Groundhog Day (film)

This 1993 fantasy comedy stars Bill Murray as a snarky, cynical weatherman tasked with covering the annual Groundhog Day festival in Punxsutawney, Pennsylvania, who becomes entrapped in a time loop that makes him relive the day endlessly. As he does so, he accustoms himself to the various situations in town that recur and discovers that he can make some good of his apparent supernatural situation. The film melds comedy and philosophy well, having some religious allegory and qualifying as iconic, the title and holiday becoming synonymous with unpleasant and repetitive situations.

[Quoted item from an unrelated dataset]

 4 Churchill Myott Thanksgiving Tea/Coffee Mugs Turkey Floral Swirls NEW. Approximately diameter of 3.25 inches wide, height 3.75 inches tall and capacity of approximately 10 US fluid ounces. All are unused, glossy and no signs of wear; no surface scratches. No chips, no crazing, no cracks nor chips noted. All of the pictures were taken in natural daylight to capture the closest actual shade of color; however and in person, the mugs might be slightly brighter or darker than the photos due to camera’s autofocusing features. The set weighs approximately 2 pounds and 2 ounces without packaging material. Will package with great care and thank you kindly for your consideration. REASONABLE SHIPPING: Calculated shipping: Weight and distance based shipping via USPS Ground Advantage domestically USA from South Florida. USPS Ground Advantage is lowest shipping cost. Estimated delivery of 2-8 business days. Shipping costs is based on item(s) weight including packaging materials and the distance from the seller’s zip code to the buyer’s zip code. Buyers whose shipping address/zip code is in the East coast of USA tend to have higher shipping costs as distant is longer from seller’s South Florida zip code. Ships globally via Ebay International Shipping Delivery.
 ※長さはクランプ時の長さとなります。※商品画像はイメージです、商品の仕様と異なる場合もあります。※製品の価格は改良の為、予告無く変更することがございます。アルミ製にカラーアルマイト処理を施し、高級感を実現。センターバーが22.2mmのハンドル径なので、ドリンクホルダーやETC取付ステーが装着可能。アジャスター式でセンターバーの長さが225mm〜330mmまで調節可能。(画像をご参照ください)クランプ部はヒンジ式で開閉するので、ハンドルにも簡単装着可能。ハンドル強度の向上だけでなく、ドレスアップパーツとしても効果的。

Some of the technology dates it to the first half of the 1990s, but it’s still a bucket-list movie.

Leo

Adam Sandler voices the eponymous septuagenarian tuatara, who fears he may be dying and thus reveals his talkative nature to his fifth-grade class’s students when each, at the behest of their strict long-term substitute teacher (due to their main teacher’s pregnancy), takes him home as a pet for the weekend to bond with them, with Leo’s turtle friend Squirtle occasionally helping. Sandler’s daughters Sunny and Sadie also voice two of the fifth-graders. It’s basically a (mostly) family-friendly musical comedy, with occasional Aesops in the mix and character transformation (in terms of nature, not physical form). It has some decent laughs but is more or less on par with Sandler’s prior films.